Quant à la dizaine d’oeuvres appelées in situ, qui sont intégrées à l’architecture actuelle de l’édifice, une évaluation est en cours. « Il y a des oeuvres qui peuvent se déplacer, d’autres malheureusement qui ne peuvent pas, dit M. Pichette. Ça va faire l’objet de discussions avec le groupe Mach [qui a acheté l’édifice actuel]. On veut vraiment s’assurer que ces oeuvres-là sont documentées pour la postérité, d’une façon ou d’une autre. Pour nous, c’est important. »

Et si les appels d’intérêt ne reçoivent aucune réponse, qu’adviendra-t-il des collections ? Radio-Canada refuse de spéculer. « On est certain de trouver des partenaires, dit Marc Pichette. C’est une collection qui est unique, on s’entend, c’est sûr que ça va intéresser des institutions. »

3 commentaires
  • Philippe Dubé - Abonné 13 décembre 2017 09 h 32

    Les musées ont le dos large, mais ...

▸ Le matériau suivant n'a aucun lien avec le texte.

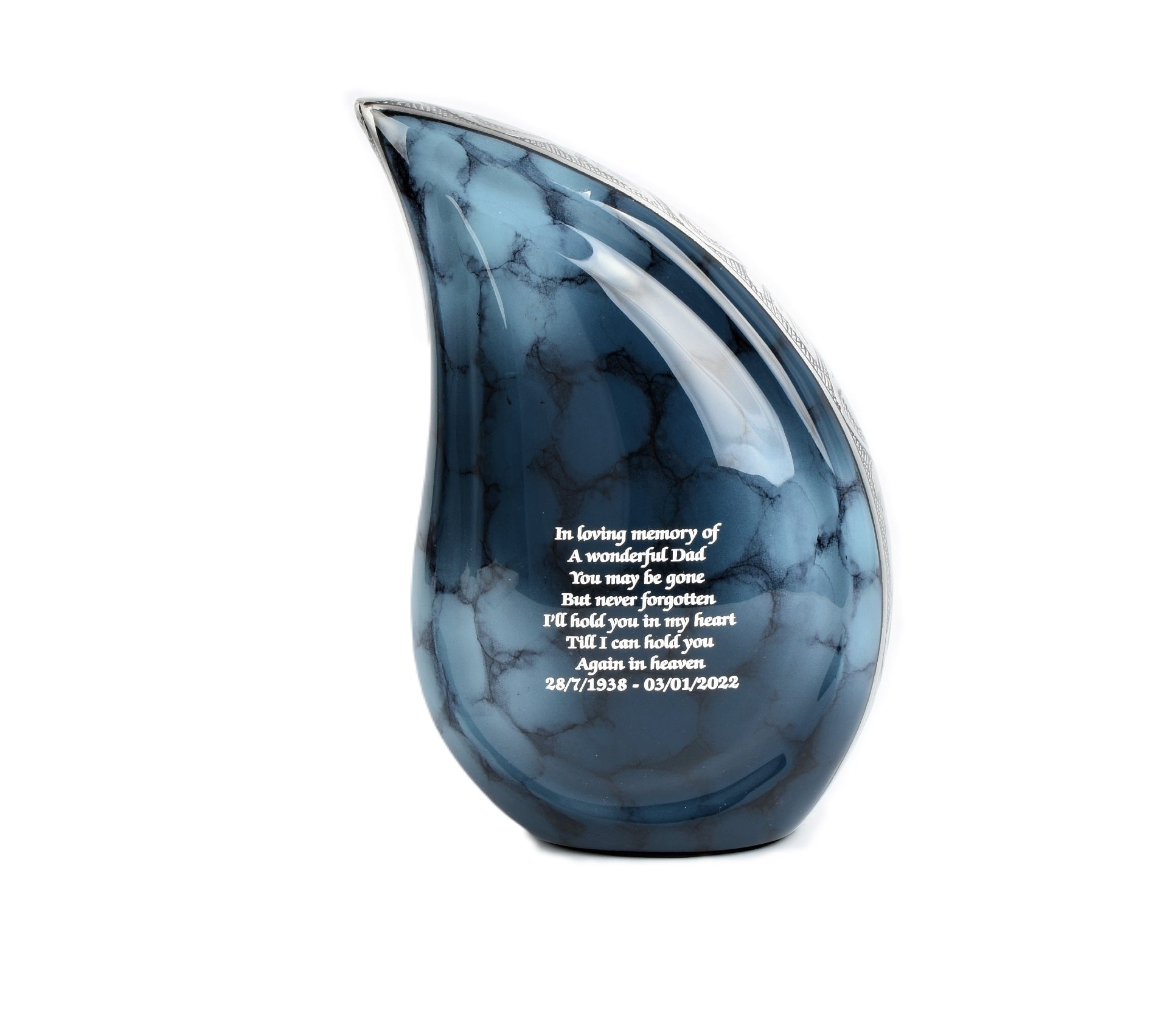 Beautifully Hand Crafted Blue Clouded and Silver Design Teardrop Urn at an Affordable price

    Radio-Canada s'apprête à larguer son patrimoine pour être plus allège dans son fonctionnement. Les raisons évoquées sont faciles à comprendre quand on reste sur le terrain de la logistique. Mais, du point de vue symbolique, le geste est grave puisqu'il s'agit de se départir de son fonds, pour ne pas dire de son âme. Cette situation ressemble à bien des égards à une vente de feu où l'on doit vider en toute urgence des espaces qui seront bientôt désuets. Comment Radio-Canada n'a pas vu venir la "tempête" et planifier en conséquence cet élagage qui semble aujourd'hui se faire dans la hâte. La muséologie comme l'archivistique sont des sciences de gestion du patrimoine qui sont enseignées dans toutes les universités québécoises (ou presque) et forment conséquemment des professionnel(le)s de 2e cycle qui savent faire face à ces situations d'urgence. Au lieu de procéder à la va-comme-je-te-pousse en faisant un appel public à qui mieux-mieux et veut bien accueillir ces collections demain orphelines, il aurait été plus conséquent de planifier ce vidage en présentant divers scénarios avec des ententes préliminaires à la clé. Tout ceci a l'apparence d'un cafouillage adminsitratif de première où l'on présume que des organismes à but non lucratif ou des musées vont se porter volontaires pour acquérir et prendre sous leurs ailes (déjà fragiles) un bien culturel d'une immense valeur et qui risque demain de se retrouver éparpillé, ici et là, sur la planète Musée. Il est regrettable que nous en soyons là à quelques deux ans (2020) de l'intégration d'un nouvel édifice (réduction de 40% du volume). Ça ressemble à de l'improvisation et pour une grande institution comme Radio-Canada, c'est inacceptable.

  • Gilles Gagné - Abonné 13 décembre 2017 19 h 56

    D'une part on dit: ''Il n’y aura « absolument pas » de vente, assure Marc Pichette,membre du Comité de gestion du patrimoine de la boîte'' et d'autre part: ''On n’est pas en train de se défaire de nos collections, on est en train, avec des appels d’intérêts, de trouver graduellement des acquéreurs qui vont s’en occuper et qui vont quand même nous permettre d’y avoir accès''

    Il faudra que M. Pichette nous dise réellement ce qu'il veut faire parce que Acquérir c'est: Devenir propriétaire d'un bien...

  • Hélène Rochette - Abonné 14 décembre 2017 11 h 16

    Incroyable

    Encore une autre situation où notre diffuseur public délaisse ses responsabilités. Comment pourra-t-il gérer ce patrimone répartit un peu partout à Montréal et peut-être même à l'extérieur de Montréal? On vend la tour de Radio-Canada, on s'installe dans plus petit, on ne fait plus de production qu'on donne à contrat et dont la SRC n'est plus propriétaire ce qui signifie qu'il n'y a plus d'archivage de ces productions. J'aimerais bien savoir où sont allés les 600 quelques millions que la SRC a reçu du fédéral. Probablement pour des variétés comme les quiz et pour TLMP.